Desde niñas aprendemos que poner límites es sinónimo de egoísmo, que decir “no” es causar conflicto, que expresar enojo es “exagerar” o ser “problemáticas”. Así, muchas crecemos pensando que nuestro valor radica en qué tanto agradamos, ayudamos o complacemos, nos han enseñado que eso significa ser “buena mujer”, ser “buena onda”, “buena esposa”, «buena madre”; porque también hemos observado el castigo o las consecuencias de no hacerlo, el rechazo, la exclusión y la crítica. Pero, ¿qué pasa cuando estas imposiciones comienzan a pesar?
No es solo una experiencia individual. Como señala Marcela Lagarde (1990), la socialización femenina nos ha constituido como sujetas “para otros”: maternales, abnegadas, responsables del cuidado de la vida, incluso a costa de la propia. Esa disponibilidad emocional constante no nace del amor libre, sino muchas veces de una estructura desigual que nos ha hecho sentir que no tenemos opción.
Esta carga se reproduce en lo íntimo: en la familia, la pareja, el trabajo, los grupos de amigas. Nos volvemos las que median, cuidan, organizan, ceden. Y muchas veces, aunque estemos agotadas, seguimos diciendo que sí.
Amelia Valcárcel (1997) explica que a lo largo de los siglos las mujeres han sido educadas para la obediencia, no para la libertad. Han sido configuradas como “el otro necesario” para sostener lo masculino, lo público, lo importante. Dentro de esta lógica, complacer no es una elección genuina, sino un mandato estructural que se vuelve virtud femenina: docilidad, paciencia, amabilidad, entrega. Así, se nos ha asignado el papel de servidoras en todos los espacios: en la casa, en la pareja, en el trabajo, incluso en las amistades.

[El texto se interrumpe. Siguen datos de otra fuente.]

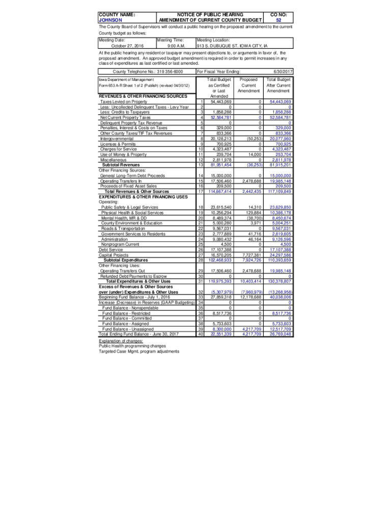 COUNTY NAME: JOHNSONNOTICE OF PUBLIC HEARING AMENDMENT OF CURRENT COUNTY BUDGE TCO NO: 52The County Board of Supervisors will conduct a public hearing on the proposed amendment to the current County
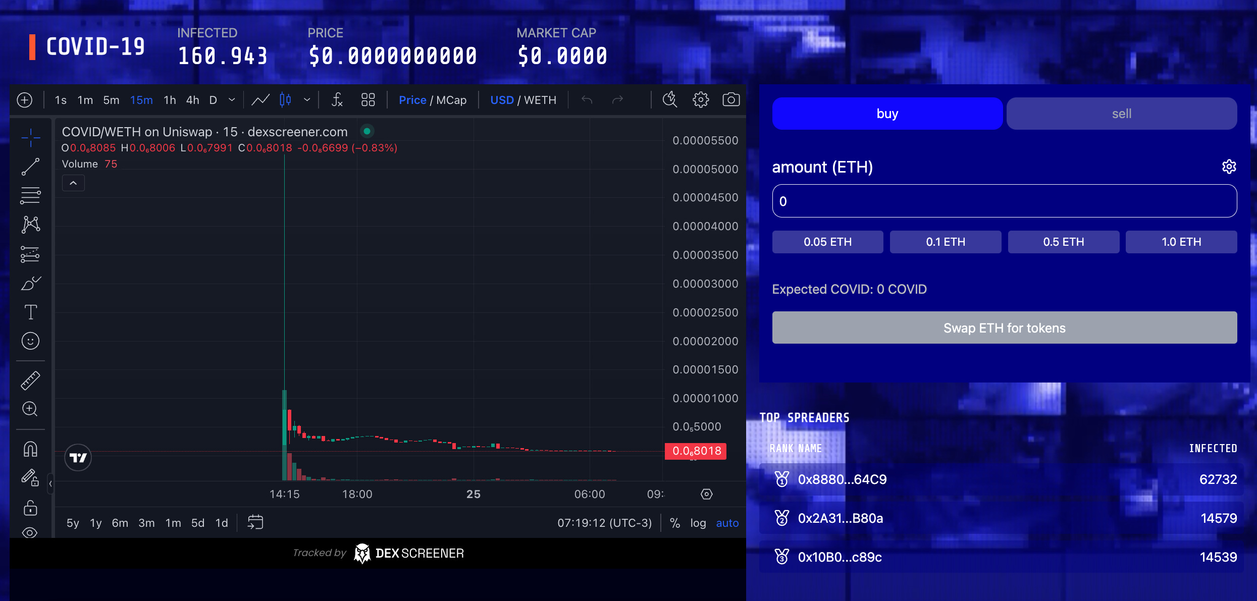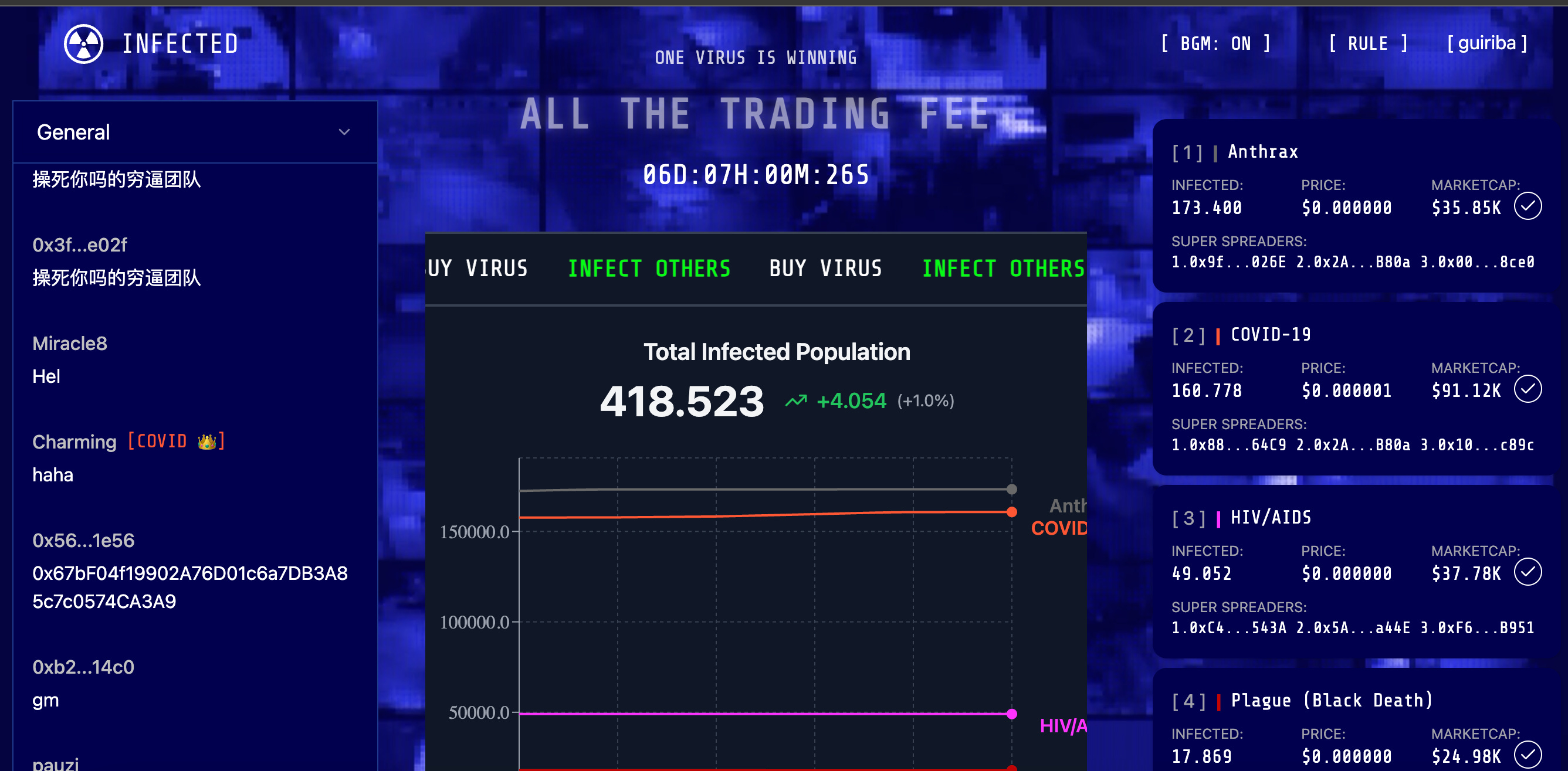 No lançamento do jogo, o token de maior sucesso era o $COVID, mas o $ANTHRAX ganhou a dianteira, e já se espalhou por mais de 173.000 endereços na Base.
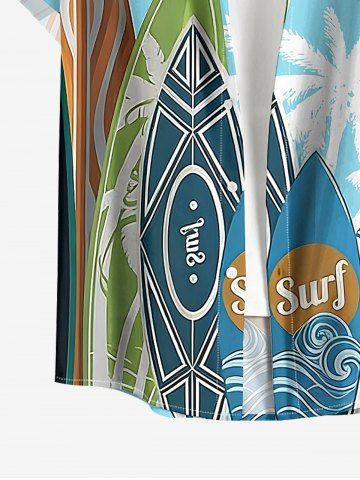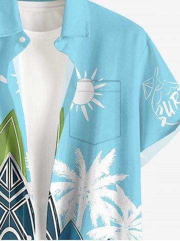 Plus Size Coconut Tree Sun Surfboard Sea Waves Print Hawaii Button Pocket Shirt For Men - Light Blue - L
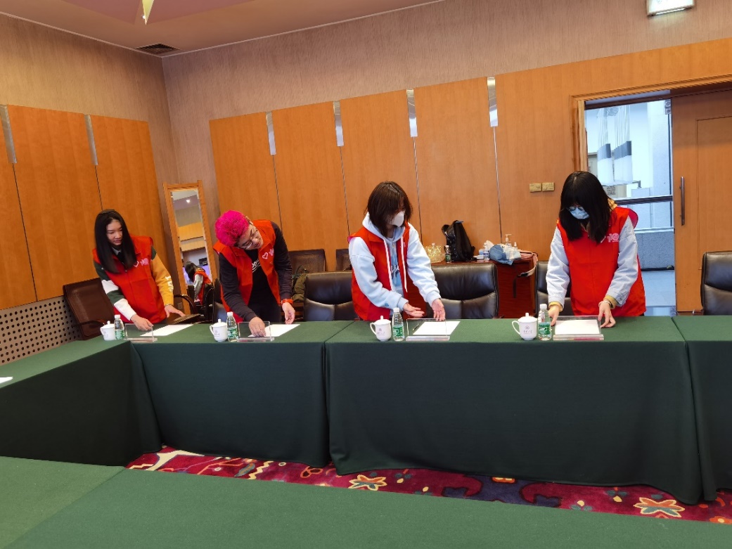 志愿者们正在学习会议桌布置
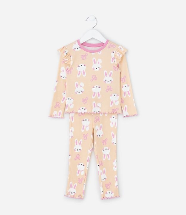 Pijama Infantil com Estampa Coelhos e Babados – Tam 1 a 6 Anos Bege
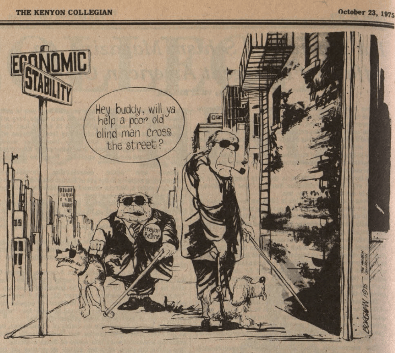 Borgman’s cartooning career began in the middle of his junior year, when Collegian writer Richard West ’76 asked him to illustrate a several- part series on famous Kenyon alumni. After that, Borgman asked Collegian editor Matthew Winkler ’77 P’13 H ’00 if he could begin drawing weekly cartoons, and Winkler agreed. One of Borgman’s first cartoons was in response to an incident during the summer of 1975, when a Campus Safety officer shot and killed a student’s cat. In the cartoon, Borgman depicted four felines as 1920s mobsters, complete with fedoras, tommy guns and zoot suits. By using Kenyon-specific events as inspiration, Borgman did more than political cartooning: He depicted student experiences through caricature.
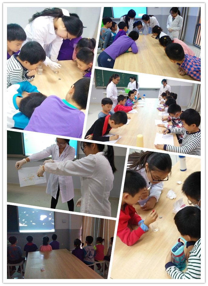 13时40分,志愿者们到达目的地并在劳技教室做好了上课前的准备工作。14名朝气蓬勃的小朋友在老师的带领下有序地进入教室。精彩的实验过程,神奇的实验现象,深深地吸引着小朋友们的目光,也逐渐勾起他们求知的欲望。会自动现身的图画,不会沉到水底的针,能够盛水的硬币。这些看似简单的科普实验,在小朋友的眼里是那么新奇。他们踊跃发言,表达自己的看法,言语间充分展现出他们对科学的热爱以及对知识的渴望。在随后的电影放映环节,小朋友们也被先进的未来科技深深折服。他们纯真的心灵,天马行空的思维也给活动增添许多欢乐。本次科普活动就在这样的欢声笑语中圆满结束。
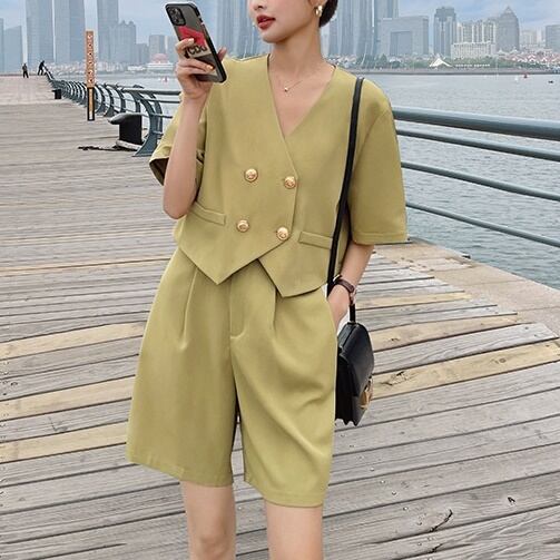 セットアップ ジャケット スーツ ジャケット テーラード アウター ショートパンツ 半袖 クロップ丈 Vネック ワンタック ハーフパンツ レトロショート丈 袖あり 長袖 2点セット シンプル カジュアル 大人 上品 おしゃれ かっこいい レトロ 大人女子 ラフ 春 秋 10代 20代 30代 40代 レディース デート お出かけ 女子会 休日 着回し 普段使い 重ね着 韓国系 オルチャン ファッション コーデ スタイル モテ 体型カバー トレンド S M L ブラウン グレー
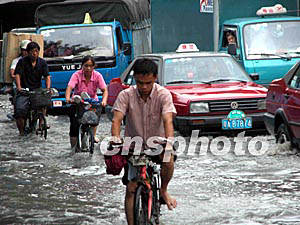 “杜鵑”臺風(fēng)給廣州帶來了狂風(fēng)暴雨,不少地方出現(xiàn)水淹現(xiàn)象,三日,廣州外貿(mào)中心正舉辦一個大型展覽,賓客們只好利用臨時拼造的“小舟”進館。作者:梁永強
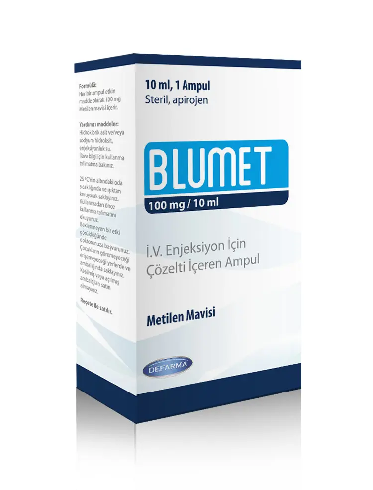 BLUMET hastanede uzmanlaşmış tıbbi personel tarafından kullanılması gereken bir ilaçtır. BLUMET 1 adet 10 ml çözelti içeren tip I renksiz cam ampullerden oluşmaktadır. Her bir ampul etkin madde olarak Metilen mavisi içerir.
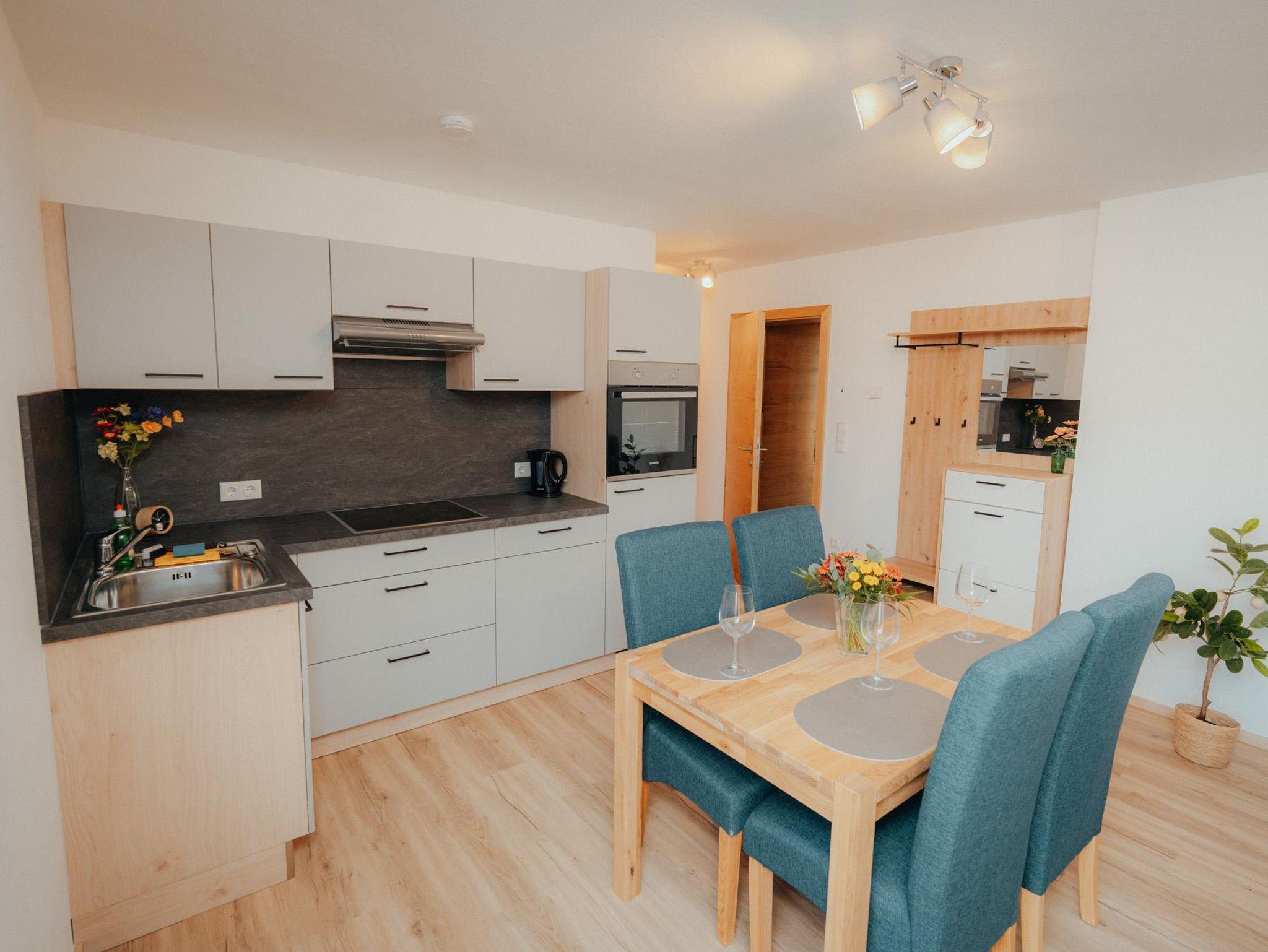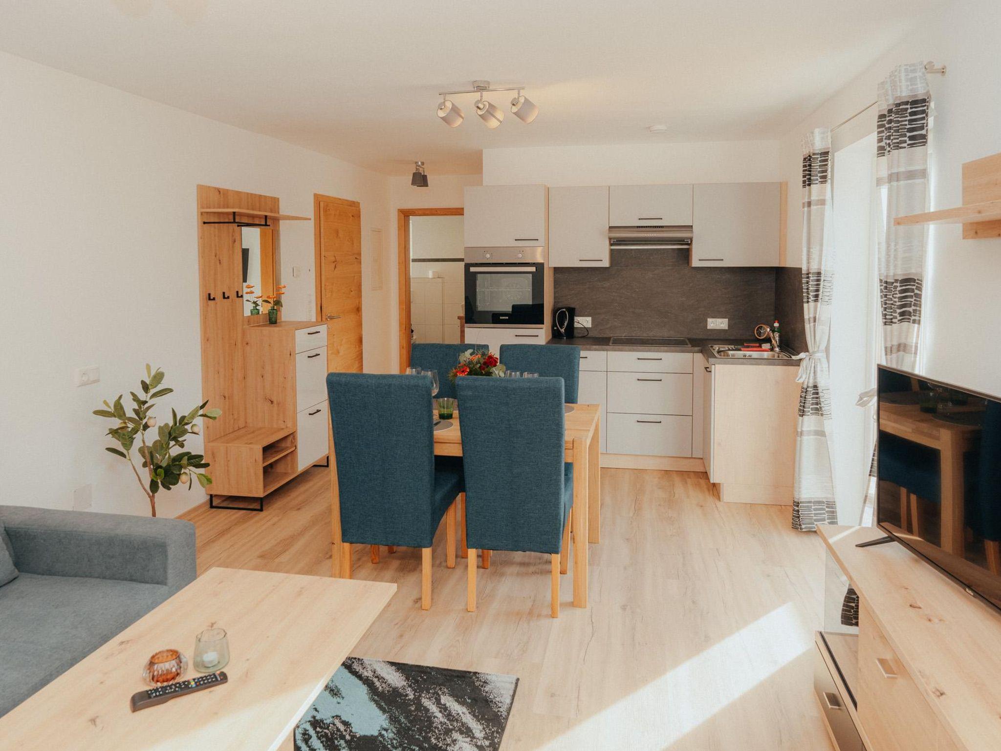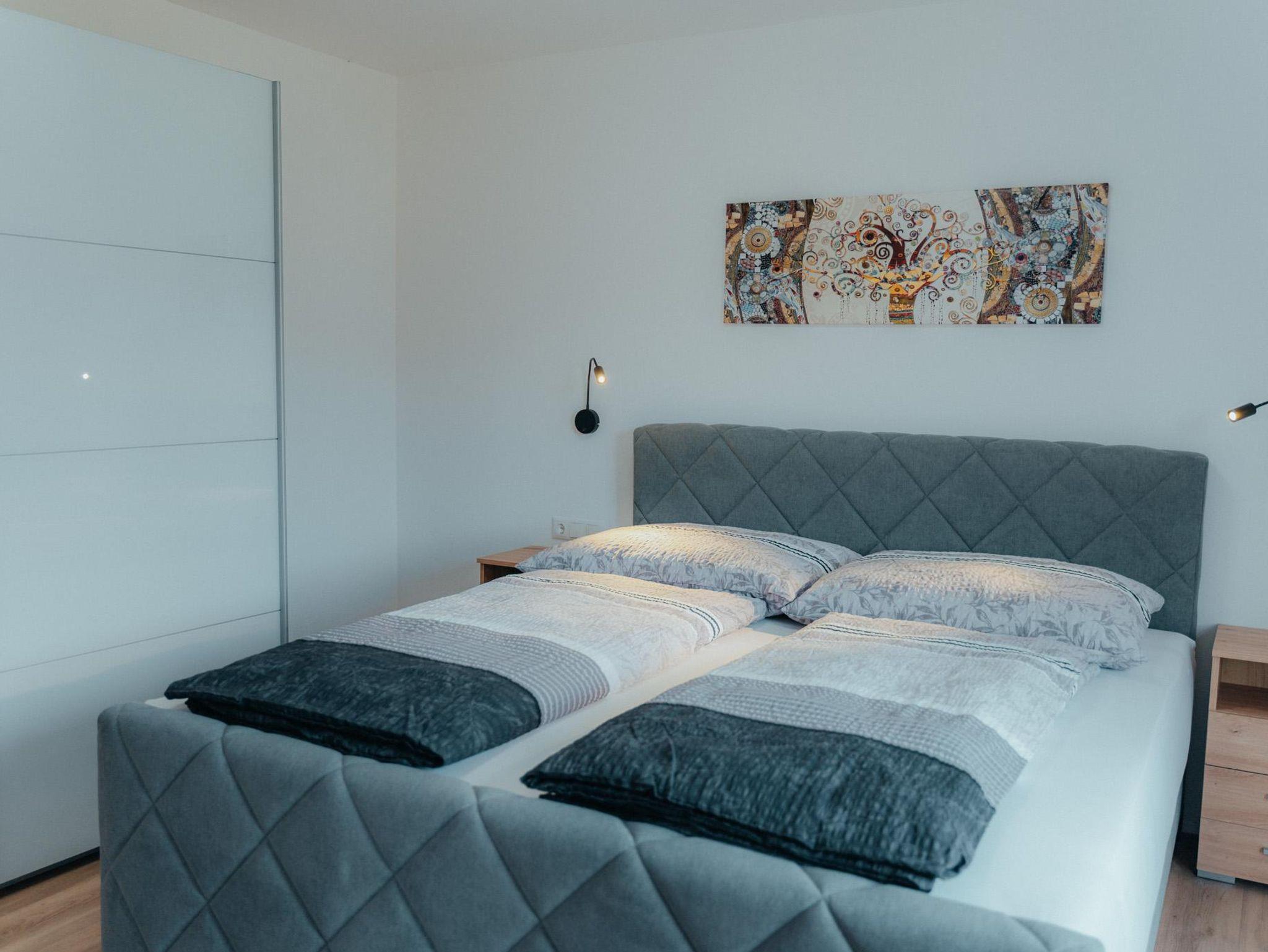 Die Wohnung hat eine Gesamtfläche von 58m² und ist in zwei Schlafzimmer mit Boxspringbetten und Kasten aufgeteilt. Es gibt auch eine Wohnküche mit einer Couch und einem Fernseher sowie einer Sitzgruppe für 4 Personen. Die Küche ist voll ausgestattet mit einem Kühlschrank, Geschirrspüler, E-Herd, Dunstabzug und anderen Geräten. Eine Garderobe ist ebenfalls vorhanden. Die gesamte Wohnung verfügt über eine Fußbodenheizung und einen großen Balkon mit Sitzmöglichkeiten. Das Badezimmer ist mit einer Dusche, einem WC und einem Handtuchtrockner ausgestattet.
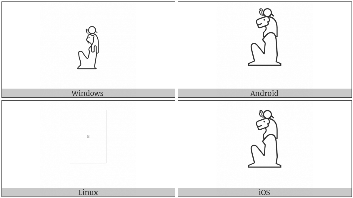 The image below shows how the “Egyptian Hieroglyph C023” symbol might look like on different operating systems. If the font in which this web site is displayed does not contain the symbol and there is no fallback font able to render it, you can use the image below to get an idea of what it should look like.
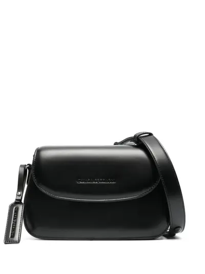 black faux leather smooth grain adjustable detachable shoulder strap logo lettering logo charm main compartment internal zip-fastening pocket internal logo patch fleece lining foldover top with magnetic fastening
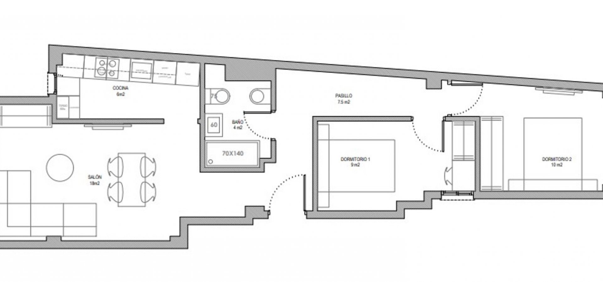 The property has a built area of 77 m², functionally distributed into 2 bedrooms, 1 full bathroom, a bright living-dining room, hallway, and a fully furnished and equipped kitchen with appliances.
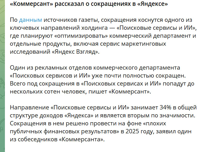 По данным (https://www.kommersant.ru/doc/8512591) источников газеты, сокращения коснутся одного из ключевых направлений холдинга — «Поисковые сервисы и ИИ», где планируют «оптимизировать» коммерческий департамент и отдельные продукты, включая сервис маркетинговых исследований «Яндекс Взгляд».

No es sorprendente que muchas mujeres tengamos dificultades para decir que no, priorizarnos o simplemente sentirnos con derecho a poner límites. No se trata de que no sepamos hacerlo, sino de que el costo simbólico y emocional ha sido históricamente demasiado alto.
Desde el modelo de Terapia de Esquemas (Young, Klosko & Weishaar, 2003), esta necesidad de agradar puede tener orígenes en experiencias tempranas de invalidación o abandono, donde aprendimos que nuestras necesidades no eran tan importantes, o que pedir algo generaba conflicto o rechazo.
Algunos de los esquemas que suelen sostener esta conducta son:
- Subyugación: ceder el control de las propias decisiones por miedo al castigo, la
crítica o el conflicto. - Autosacrificio: poner las necesidades ajenas por encima de las propias de manera
constante, como forma de sentirse valiosa o evitar el abandono. - Búsqueda de aprobación: basar la autoestima en la validación externa, necesitando
constantemente agradar o ser aceptada.
Estos esquemas no son caprichos ni errores de carácter. Son respuestas adaptativas que en algún momento de la vida fueron necesarias para sobrevivir, pero que en la adultez pueden limitar profundamente la autonomía y bienestar emocional.
Desde una psicología con perspectiva feminista, no entendemos la necesidad de complacer como un rasgo individual o una debilidad emocional, sino como el resultado de una cultura patriarcal que ha construido los cuerpos, los vínculos y las subjetividades de las mujeres para estar al servicio de otros.
Las emociones que emergen cuando una mujer intenta poner límites (culpa, miedo, ansiedad, vergüenza) no son síntomas de una “falla interna”, sino señales de un conflicto entre su deseo y un mandato social profundamente arraigado: el de agradar para ser aceptada, callar para ser querida y sacrificarse para ser valorada.
¿Cómo saber si estoy constantemente complaciendo a las personas?
Aquí te dejamos algunas preguntas que pueden ayudarte a identificarlo:
- ¿Te cuesta decir que no, aunque estés cansada o no quieras hacer algo?
- ¿Sientes culpa o ansiedad después de poner un límite?
- ¿Tienes miedo de que se enojen o se alejen si no haces lo que esperan de ti?
- ¿Sueles priorizar las necesidades de otras personas, incluso cuando tú también
necesitas algo? - ¿Sientes que, si no estás disponible, eres mala persona?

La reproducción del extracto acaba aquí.